## SOURCE DATA
<<<<
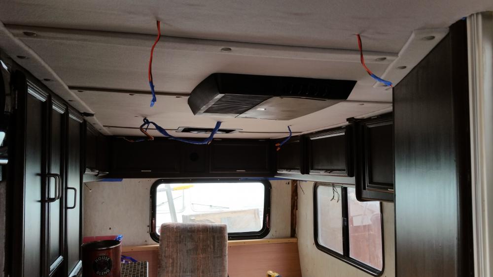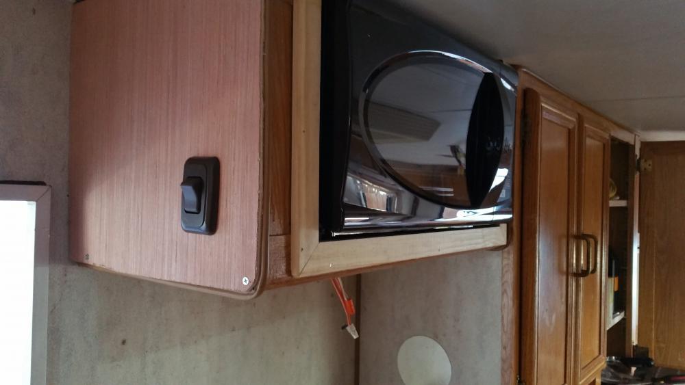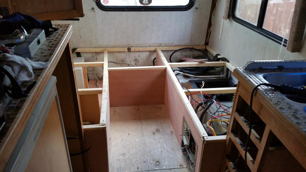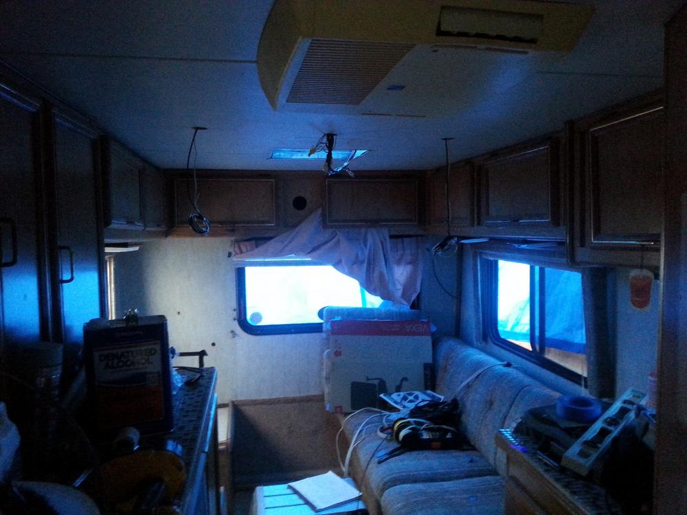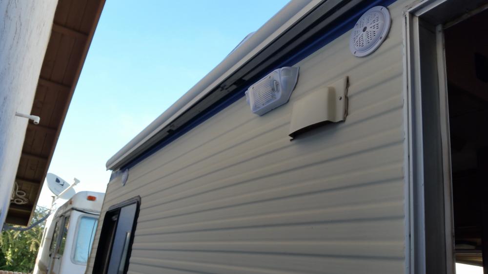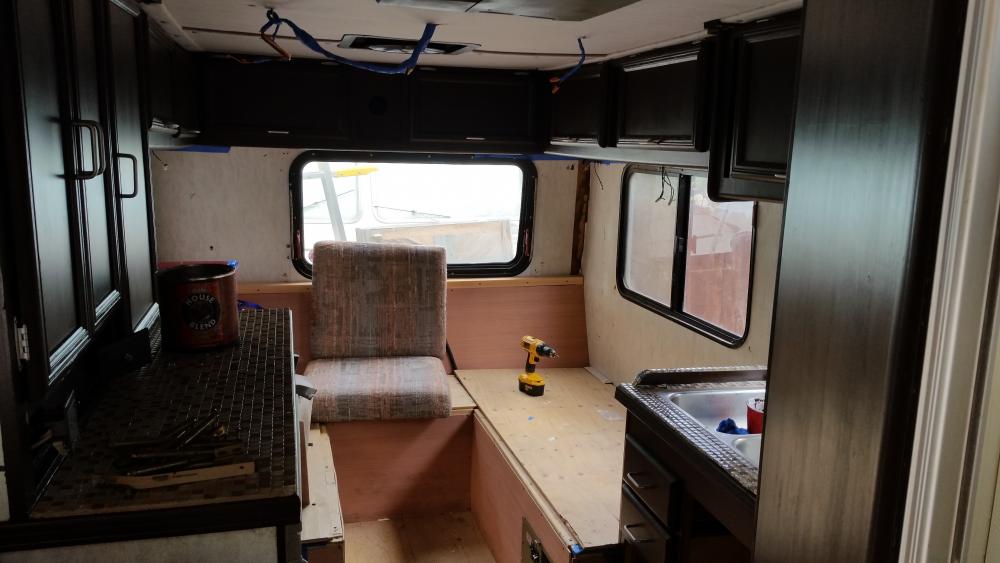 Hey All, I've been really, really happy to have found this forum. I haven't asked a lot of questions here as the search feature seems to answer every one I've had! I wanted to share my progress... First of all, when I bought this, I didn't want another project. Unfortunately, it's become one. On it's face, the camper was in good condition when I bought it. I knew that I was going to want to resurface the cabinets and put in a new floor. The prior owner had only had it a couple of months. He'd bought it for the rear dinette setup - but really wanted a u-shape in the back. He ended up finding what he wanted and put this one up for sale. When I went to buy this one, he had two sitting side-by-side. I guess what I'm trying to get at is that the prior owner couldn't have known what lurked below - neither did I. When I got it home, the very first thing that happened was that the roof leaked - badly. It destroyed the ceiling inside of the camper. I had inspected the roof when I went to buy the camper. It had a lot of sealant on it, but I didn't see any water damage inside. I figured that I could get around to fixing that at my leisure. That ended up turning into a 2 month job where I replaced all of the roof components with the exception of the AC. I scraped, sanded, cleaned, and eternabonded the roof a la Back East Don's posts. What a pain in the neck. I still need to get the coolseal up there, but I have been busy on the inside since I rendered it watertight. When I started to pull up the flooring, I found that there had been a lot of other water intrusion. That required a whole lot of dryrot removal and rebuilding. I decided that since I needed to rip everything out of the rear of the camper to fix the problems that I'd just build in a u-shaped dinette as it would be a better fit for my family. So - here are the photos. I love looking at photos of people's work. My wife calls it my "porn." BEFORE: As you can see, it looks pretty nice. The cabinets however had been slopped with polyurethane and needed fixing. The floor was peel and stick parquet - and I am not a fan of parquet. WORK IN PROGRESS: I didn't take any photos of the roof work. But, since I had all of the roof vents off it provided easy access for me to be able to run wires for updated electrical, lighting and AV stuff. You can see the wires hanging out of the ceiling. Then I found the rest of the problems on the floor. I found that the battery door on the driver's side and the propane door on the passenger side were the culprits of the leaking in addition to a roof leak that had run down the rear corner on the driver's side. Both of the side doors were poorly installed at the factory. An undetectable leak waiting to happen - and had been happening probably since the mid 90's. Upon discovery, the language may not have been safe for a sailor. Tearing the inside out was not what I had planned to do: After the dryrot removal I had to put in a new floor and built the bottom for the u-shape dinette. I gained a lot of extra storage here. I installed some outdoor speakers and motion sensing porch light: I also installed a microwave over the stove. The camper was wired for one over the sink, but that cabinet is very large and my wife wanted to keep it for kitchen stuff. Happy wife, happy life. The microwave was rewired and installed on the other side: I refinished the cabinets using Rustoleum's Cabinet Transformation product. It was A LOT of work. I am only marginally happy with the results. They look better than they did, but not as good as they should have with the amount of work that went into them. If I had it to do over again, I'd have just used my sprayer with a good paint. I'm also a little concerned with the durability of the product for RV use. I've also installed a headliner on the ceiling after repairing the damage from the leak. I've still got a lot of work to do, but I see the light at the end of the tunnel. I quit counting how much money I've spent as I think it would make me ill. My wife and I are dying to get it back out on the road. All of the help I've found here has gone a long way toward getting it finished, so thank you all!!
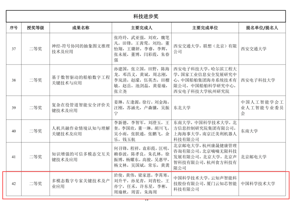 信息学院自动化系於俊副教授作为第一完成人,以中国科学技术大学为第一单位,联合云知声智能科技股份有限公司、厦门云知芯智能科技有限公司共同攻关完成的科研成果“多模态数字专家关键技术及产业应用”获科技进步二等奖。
>>>>
<<<<
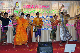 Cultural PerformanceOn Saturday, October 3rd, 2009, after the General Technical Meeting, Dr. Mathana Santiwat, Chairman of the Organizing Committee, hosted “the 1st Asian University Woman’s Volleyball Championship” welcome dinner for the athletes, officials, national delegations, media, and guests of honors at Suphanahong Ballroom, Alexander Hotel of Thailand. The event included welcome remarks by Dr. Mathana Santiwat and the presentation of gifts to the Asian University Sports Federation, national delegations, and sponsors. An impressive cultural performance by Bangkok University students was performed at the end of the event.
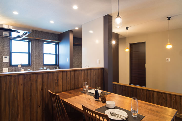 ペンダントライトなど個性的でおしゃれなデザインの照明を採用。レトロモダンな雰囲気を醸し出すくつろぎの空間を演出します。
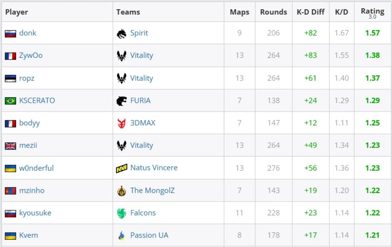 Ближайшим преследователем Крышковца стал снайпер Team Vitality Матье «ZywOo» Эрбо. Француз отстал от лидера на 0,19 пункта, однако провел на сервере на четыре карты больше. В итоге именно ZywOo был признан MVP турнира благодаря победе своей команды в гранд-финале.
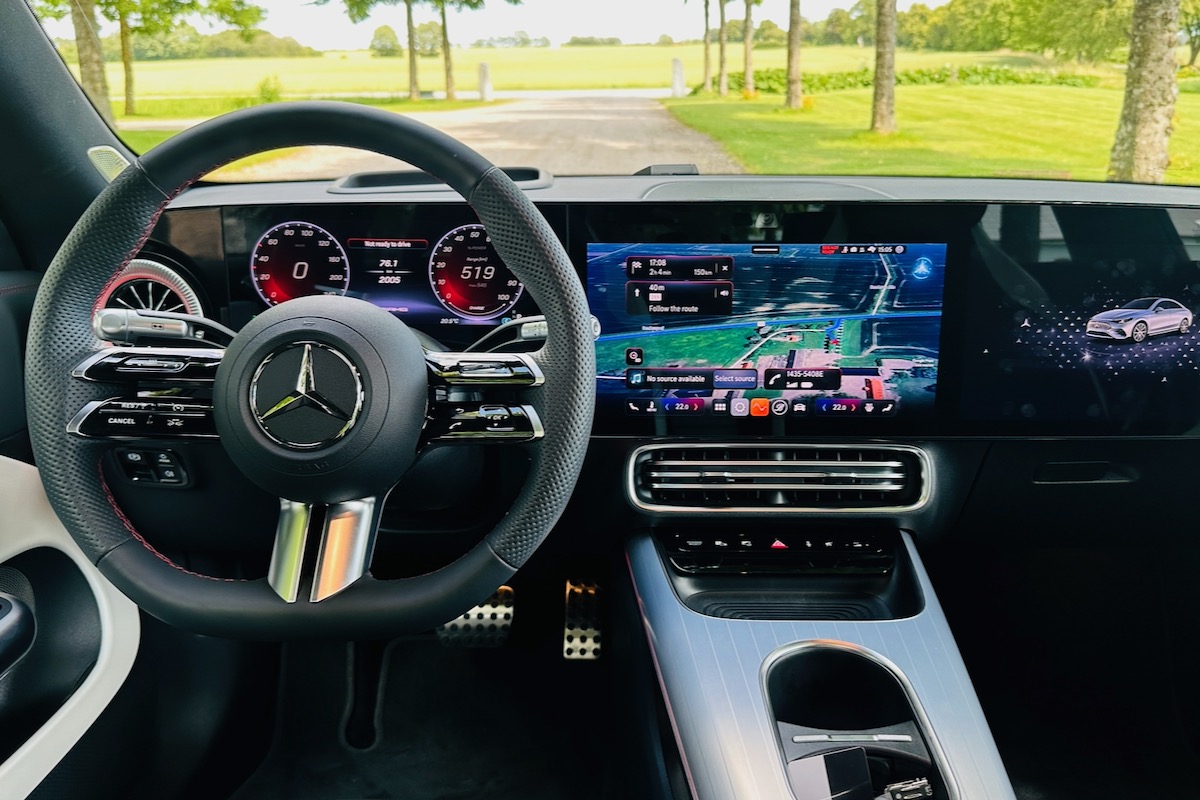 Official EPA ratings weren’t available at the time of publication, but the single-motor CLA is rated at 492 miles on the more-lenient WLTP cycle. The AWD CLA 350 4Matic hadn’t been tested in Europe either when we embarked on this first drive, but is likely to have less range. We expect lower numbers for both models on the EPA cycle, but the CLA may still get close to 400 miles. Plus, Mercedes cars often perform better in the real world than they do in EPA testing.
>>>>
<<<<
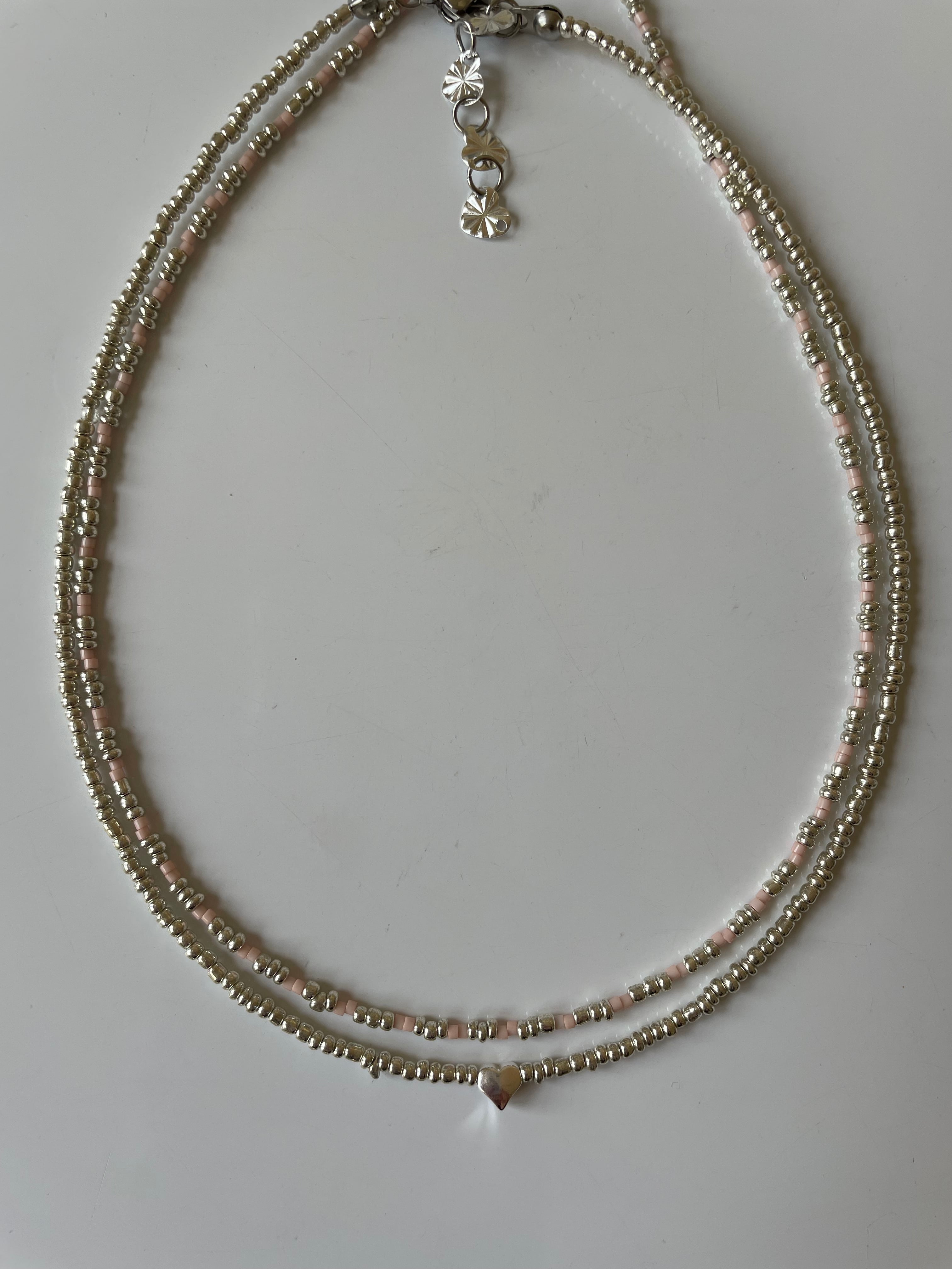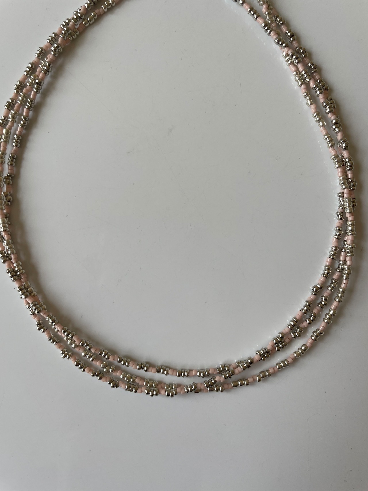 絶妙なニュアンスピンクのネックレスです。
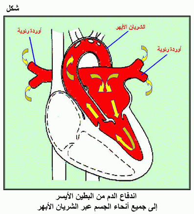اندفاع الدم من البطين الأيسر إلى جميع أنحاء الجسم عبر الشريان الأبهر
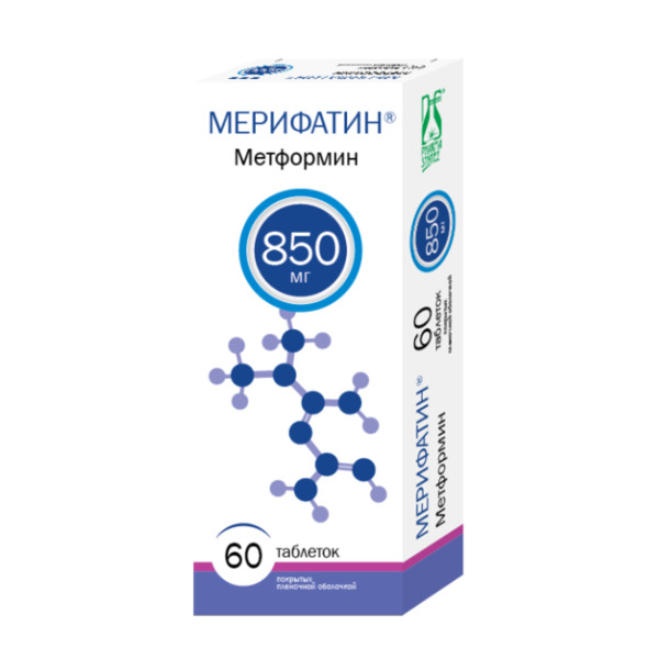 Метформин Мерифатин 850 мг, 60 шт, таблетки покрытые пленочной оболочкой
>>>>
Restate the lines above from the one containing "絶妙なニュアンスピンクのネックレスです。" through the one containing "Метформин Мерифатин 850", inclusive, exactly and without pictures.

 絶妙なニュアンスピンクのネックレスです。
اندفاع الدم من البطين الأيسر إلى جميع أنحاء الجسم عبر الشريان الأبهر
 Метформин Мерифатин 850 мг, 60 шт, таблетки покрытые пленочной оболочкой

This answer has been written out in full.